So wtf am I on about? It’s just about how an image can not be quite what we think it is. That said, I’ve no knowledge other than what I’ve Googled. But there seems to be a bit of an internet industry in generating sad pictures of Detroit. Those pictures, I’m sure, communicate that sense of change and the inevitable unease that has to come as Western societies lose their ability to make stuff. Because does anyone really think a downgraded autoworker can make a first world income from selling Christmas trees to other downgraded autoworkers?

What’s on my mind is these images of Michigan Central Station are being used as illustrations something that its not. For example, it does not seem accurate to say

as the station seems to have been the focus of an intention to develop a new ‘epicenter’, but utterly failed to do it – something like Shannon Airport, say.
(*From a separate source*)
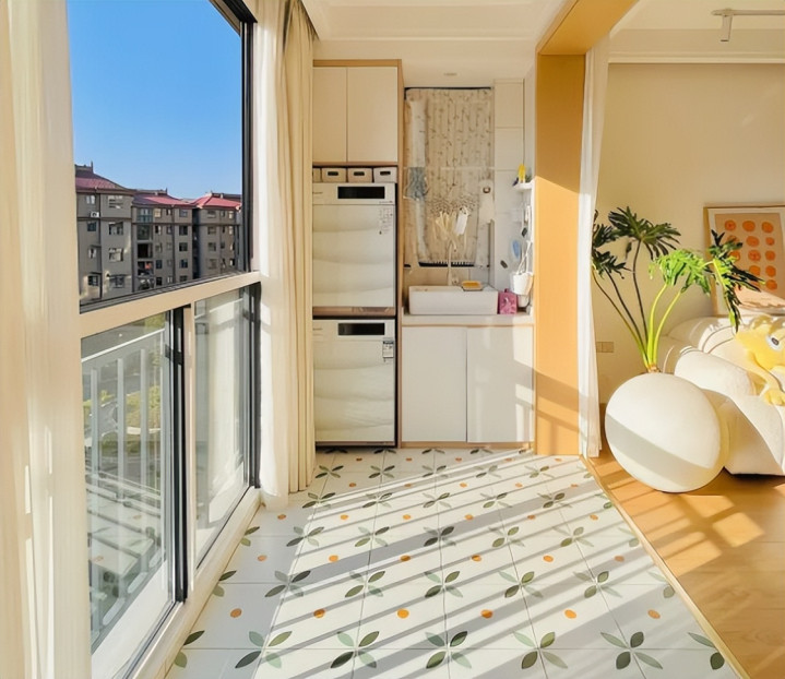 阳台装修并不复杂,人人没必要去跟风作念微水泥墙面,最简略的装修方法如故用瓷砖上墙的花式,防水好打理,看着也相称温馨、耐用。

Going back to the OP, could this happen in Ireland? First ask what the image seems to be saying – that infrastructure-first development doesn’t work. People won’t come to Michigan Central Station just because it’s big, any more than they’ll fly to Shannon because it has a 3,000 metre runway. So the immediate relevance would be things like DAA’s Terminal 2 and the Docklands, IMHO. Just because lots of offices are built doesn’t mean anyone will turn up to occupy them.

That’s not to say that bona fide industries will not leave en masse for cheaper locations. It’s just to say that Michigan Central Station isn’t an image of that process.

What Michigan Central Station illustrates is the meaninglessness of the statement ‘build it and they will come’. How do you make a good slogan out of “Give them a reason to come, and build nothing unless you need it.”?